Give back, unaltered, the lines from the one with "زیرسازی خیابان مدافعان" to the end of the material, omitting pictures.

((

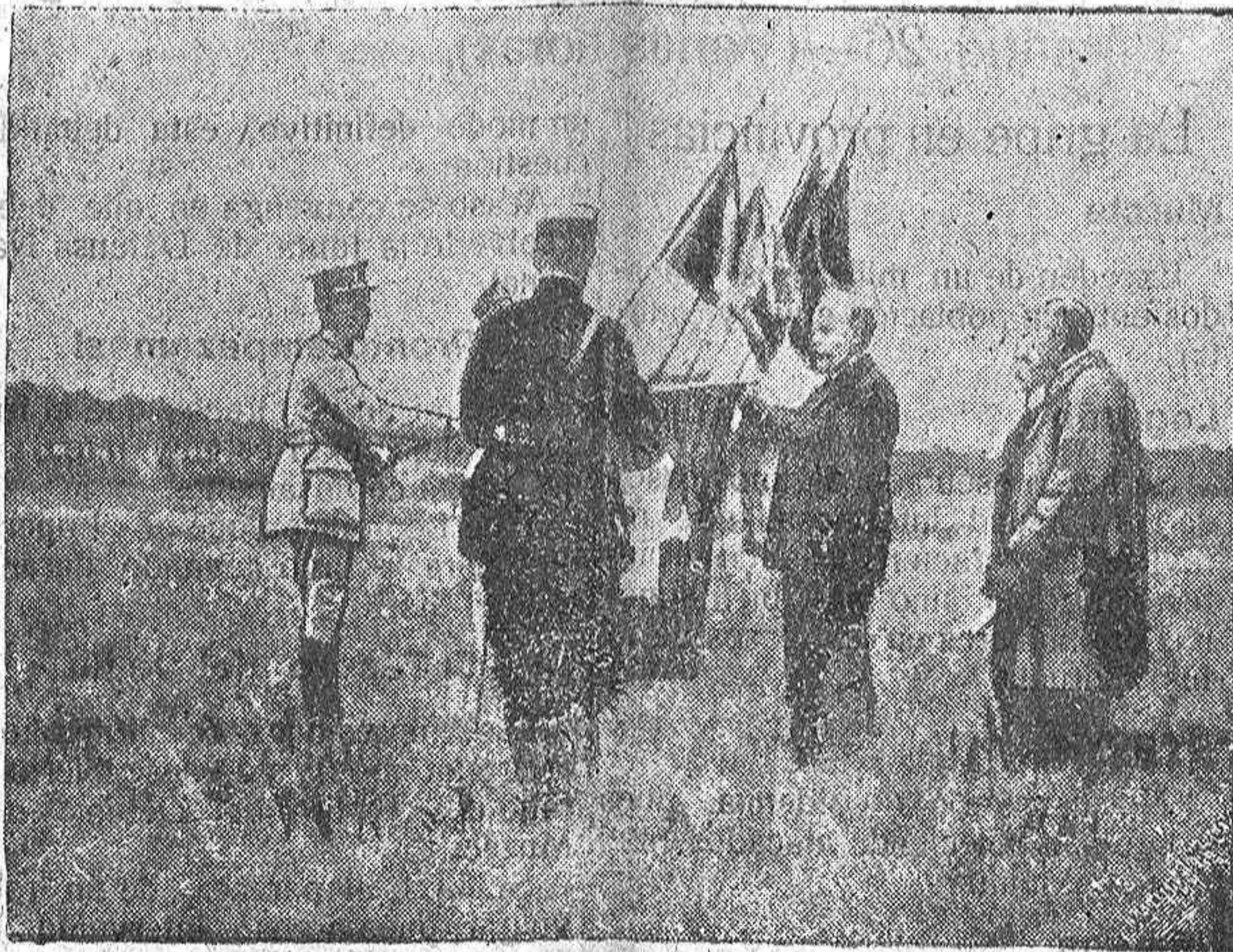
Mr. Poincaré colocando la Cruz de Guerra á una bandera
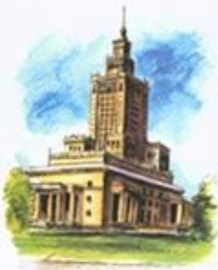
Pałac Kultury i Nauki
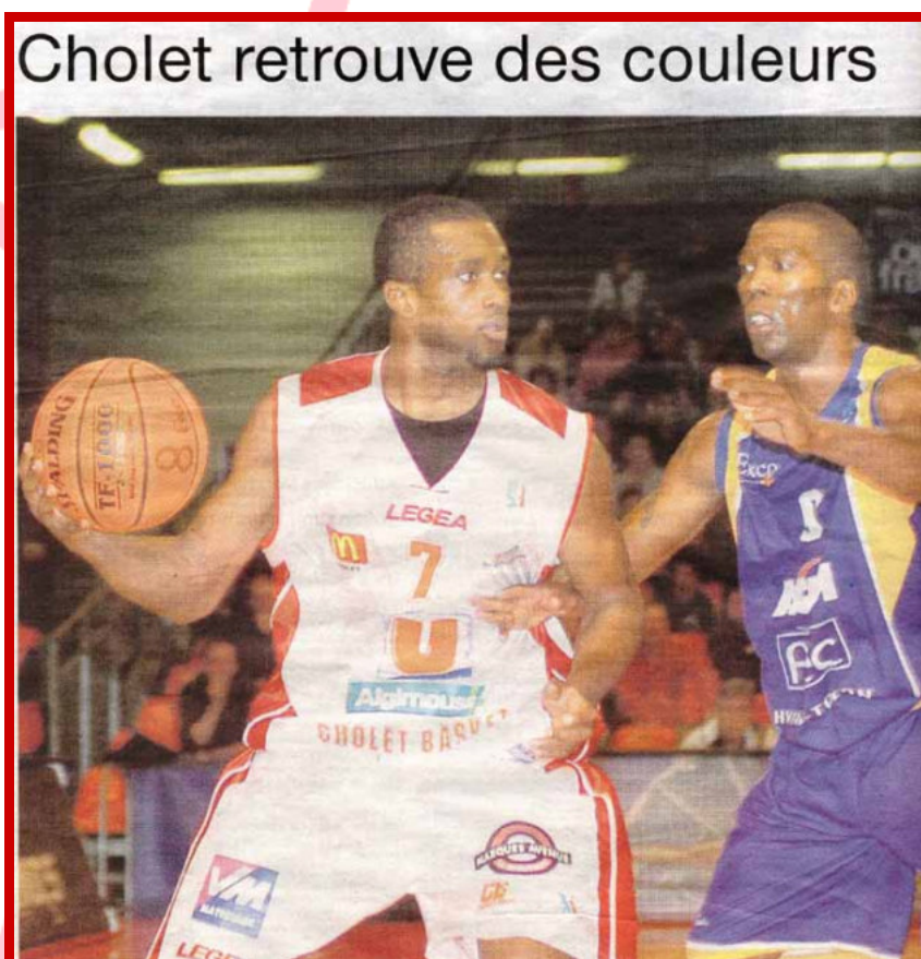
Une du cahier des sports de Ouest France – Dimanche 4 novembre 2007
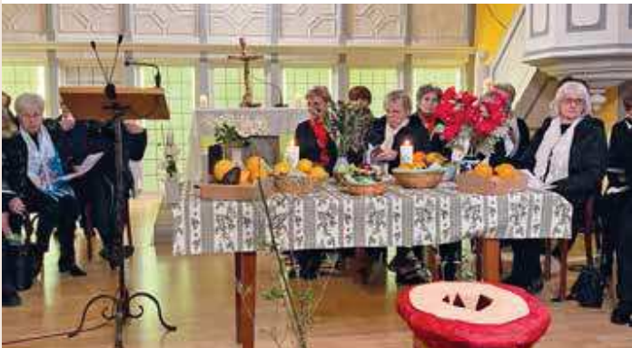
JMP à Betschdorf pour nos communautés catholiques et protestantes.
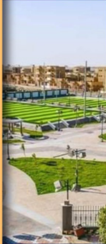
نادي CITY CLUB (بالمنيا)
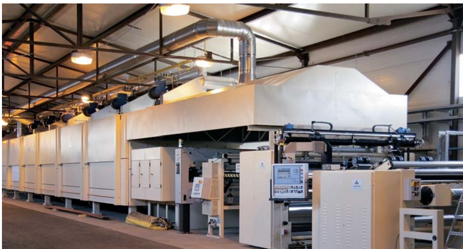
Линия по пропитке

«Ханс Шмид Декор» намерен начать активное освоение и новых географических рынков. Сейчас постоянными клиентами компании являются крупные производители Северо-Западного региона. С вводом в эксплуатацию новой линии компания намерена усилить при-
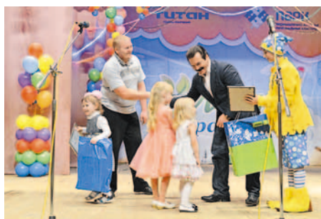
Подарки! Подарки! Подарки!
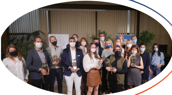
Première édition de la Journée nationale "Des Gestes Audacieux" le 17 mars 2021
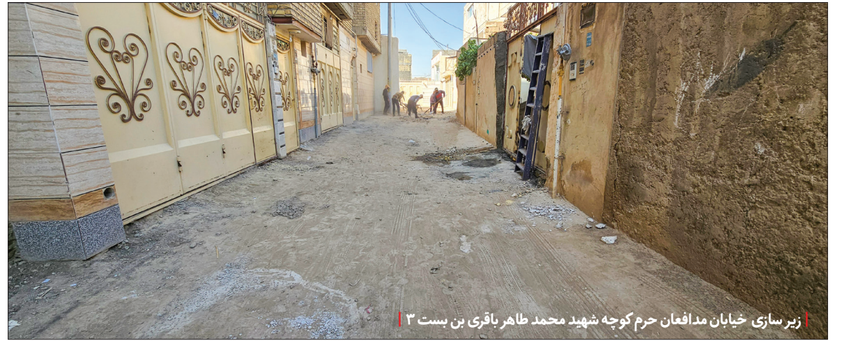
زیرسازی خیابان مدافعان حرم کوچه شهید محمد طاهر باقری بن بست ۳
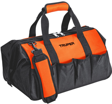
Incluye maleta portaherramientas de 16"
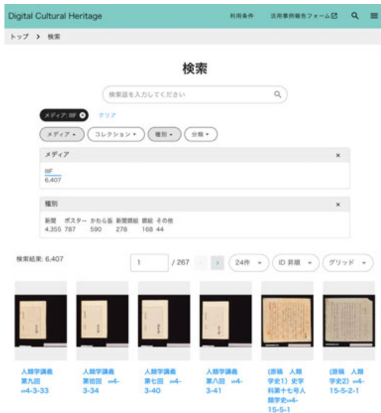
図3 キーワード検索
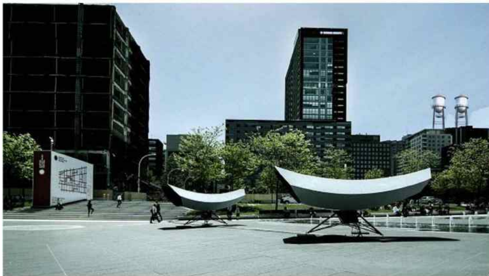
© @Herman Kolgen | L'installation Eotone, d'Herman Kolgen

Par Stéphane Grammont | Publié le 13/10/2014 | 17:05, mis à jour le 14/10/2014 | 09:14
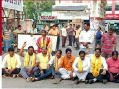
కాకినాడలో రోడ్డుపై బైరాయించిన శ్రేణులు
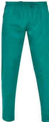
D29 Verde Green
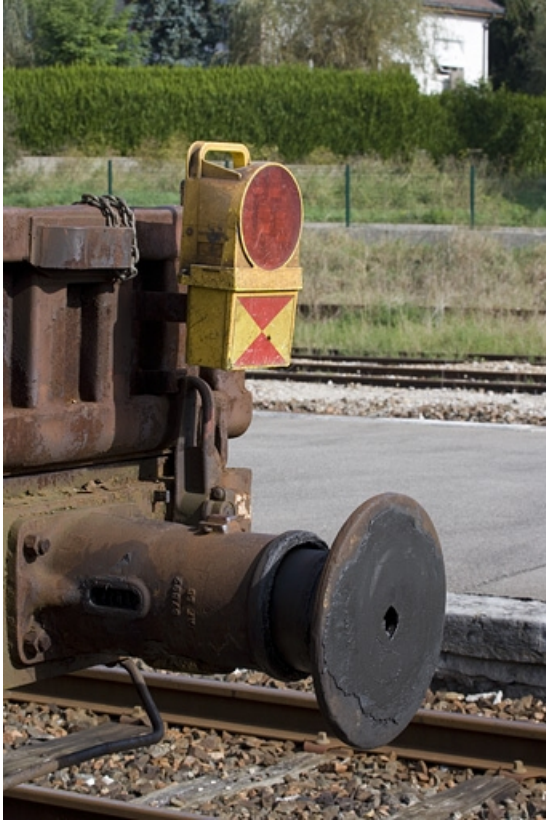
Vue d'ensemble sur son support.
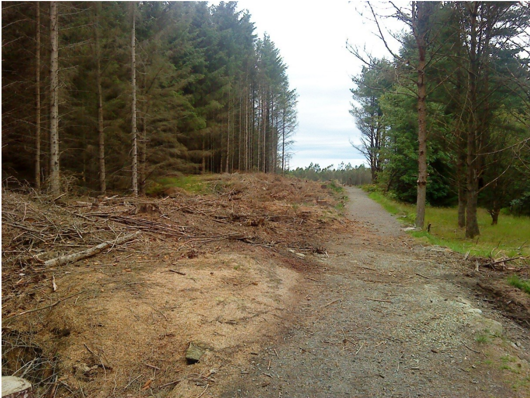
Parti fra ridestiene etter at det er foretatt hogst i granskogen
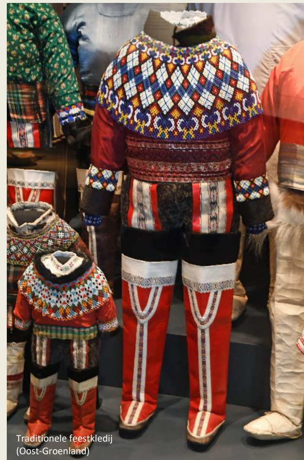
Traditionele feestkledij (Oost-Groenland)

Even later bereiken we het Nationaal Museum en Archief van Groenland , het oudste en tevens grootste museum van Groenland. Niet alleen recente archeologische vondsten hebben hier een onderdak gevonden, maar ook de artefacten die door de Deense kolonistator de afgelopen eeuwen naar het Nationaal Museum van Denemarken in Kopenhagen verscheept zijn. Daar heeft Home Rule voor gezorgd. Dat repatriëringsproces begon
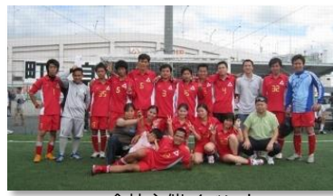
会社主催イベント
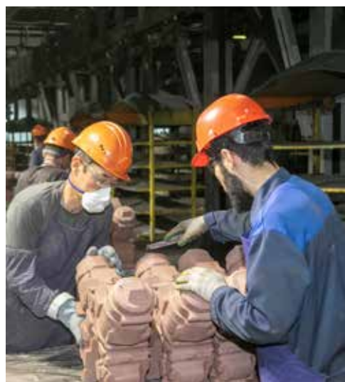
Покрывание стержней антипригарной краской — не менее ответственный момент

))

OUTPUT BELOW
زیرسازی خیابان مدافعان حرم کوچه شهید محمد طاهر باقری بن بست ۳
Incluye maleta portaherramientas de 16"
図3 キーワード検索
© @Herman Kolgen | L'installation Eotone, d'Herman Kolgen

Par Stéphane Grammont | Publié le 13/10/2014 | 17:05, mis à jour le 14/10/2014 | 09:14
కాకినాడలో రోడ్డుపై బైరాయించిన శ్రేణులు
D29 Verde Green
Vue d'ensemble sur son support.
Parti fra ridestiene etter at det er foretatt hogst i granskogen
Traditionele feestkledij (Oost-Groenland)

Even later bereiken we het Nationaal Museum en Archief van Groenland , het oudste en tevens grootste museum van Groenland. Niet alleen recente archeologische vondsten hebben hier een onderdak gevonden, maar ook de artefacten die door de Deense kolonistator de afgelopen eeuwen naar het Nationaal Museum van Denemarken in Kopenhagen verscheept zijn. Daar heeft Home Rule voor gezorgd. Dat repatriëringsproces begon
会社主催イベント
Покрывание стержней антипригарной краской — не менее ответственный момент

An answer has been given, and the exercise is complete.